The speeches themselves are an example. Why any politician with presidential ambitions would get within five miles of the people who wrecked most of the economy and stole the rest of it in the 2000s is its own answer. The reason is that politics is money now, and that's where the easy money is. For myself, I think there isn't a damned thing in any of those speeches that should cause HRC a millisecond of agita, but also that going on 30 years of pestiferous ratfcking has made her jump at shadows. So she digs in, and the debate becomes about her digging in, and not about the fog of subtle corruption that has descended over the entire political process. Goldman Sachs should be as toxic an audience today as R.J. Reynolds is. Yes, both candidates railed against Citizens United—which is easy since, at the moment, there's nothing either one of them can do about it—but the money power has leached into so many areas and institutions that squabbling over who said what to whom, and what exemptions you may have taken in 2008, is sadly beside the point. The sale has been closed.
It's hard to come up with a more fitting epitaph for American democracy. Charlie has outdone himself this week.
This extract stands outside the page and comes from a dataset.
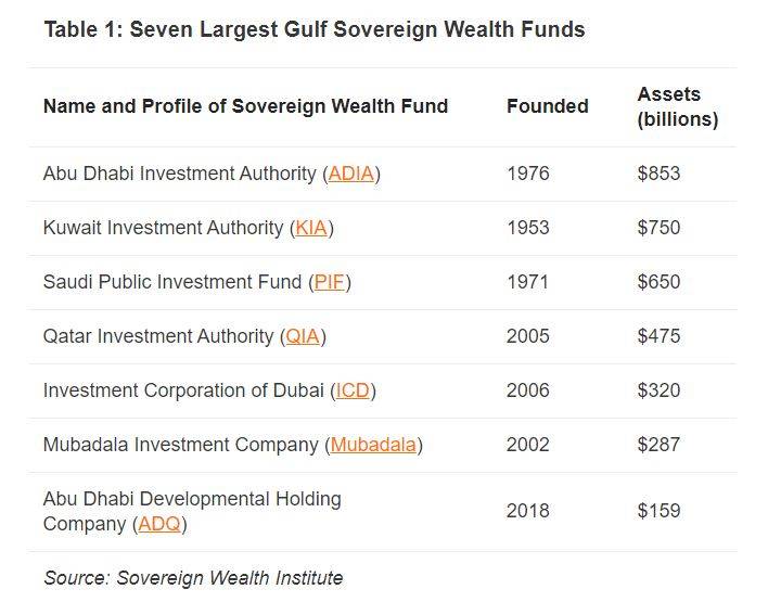 中东海湾地区目前拥有约20个主权财富基金,财力雄厚,共管理着约3.7万亿美元。据主权财富基金研究所(Sovereign Wealth Fund Institute)的数据,该地区最大的七个基金总资产超过3.2万亿美元,约占全球主权财富基金资产的40%,主要来自阿联酋、沙特、卡塔尔和科威特。
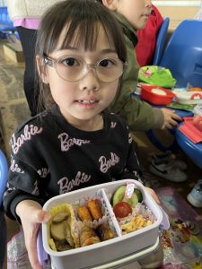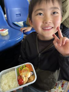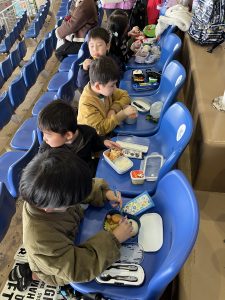 お昼ご飯は、お家の方に作ってもらったお弁当をお友だちと見せ合いながら食べていてとても喜んでいました🍱😋

As a proud NC resident I found the paragraph below from the same essay to be particularly telling and dispiriting.

As soon as I posted the item about how porn site XHamster had joined the economic boycott of the now consistently insane state of North Carolina, I had a hunch that this week's Top Commenter Of The Week likely would come from somewhere in the reaction to it. Little did I know, though, that Top Commenter J.S. Hedegard would channel her inner Madison and write the inalienable right to porn into the Bill of Rights: "Adult entertainment, being necessary to the pursuit of happiness in a free State, the right of the people to watch bare bodies on the web, shall not be infringed."

Well, someone needs to report on the continuing wars-for-no-stated-purpose other than bringing democracy to those who don't want or understand how it would better their lives. Let my people go?

The two biggest bad raps against Dan Rather prior to when it all came down at 60 Minutes were the episode with candidate George H.W. Bush, where Bush's tough-guy act was spun as a campaign technique and it obscured the fact that Poppy was in the process of lying his withered hindquarters off about his involvement in the Iran-Contra scandal, and his 1980 expedition into Afghanistan, where his adoption of local clothing marked him forever as "Gunga Dan," because how could anyone think Afghanistan ever could be relevant in this country, ho-ho-ho. Now, Rather wants to go back and he can't get a gig. Happens that I like Dan, and if he wants to go back, somebody should send him. Jesus, these people.
Speaking of these people, the entirely honorable debate between Clinton and Sanders was rendered thus by the same source of political wisdom:

The speeches themselves are an example. Why any politician with presidential ambitions would get within five miles of the people who wrecked most of the economy and stole the rest of it in the 2000s is its own answer. The reason is that politics is money now, and that's where the easy money is. For myself, I think there isn't a damned thing in any of those speeches that should cause HRC a millisecond of agita, but also that going on 30 years of pestiferous ratfcking has made her jump at shadows.
So she digs in, and the debate becomes about her digging in, and not about the fog of subtle corruption that has descended over the entire political process. Goldman Sachs should be as toxic an audience today as R.J. Reynolds is.
Yes, both candidates railed against Citizens United — which is easy since, at the moment, there's nothing either one of them can do about it — but the money power has leached into so many areas and institutions that squabbling over who said what to whom, and what exemptions you may have taken in 2008, is sadly beside the point. The sale has been closed.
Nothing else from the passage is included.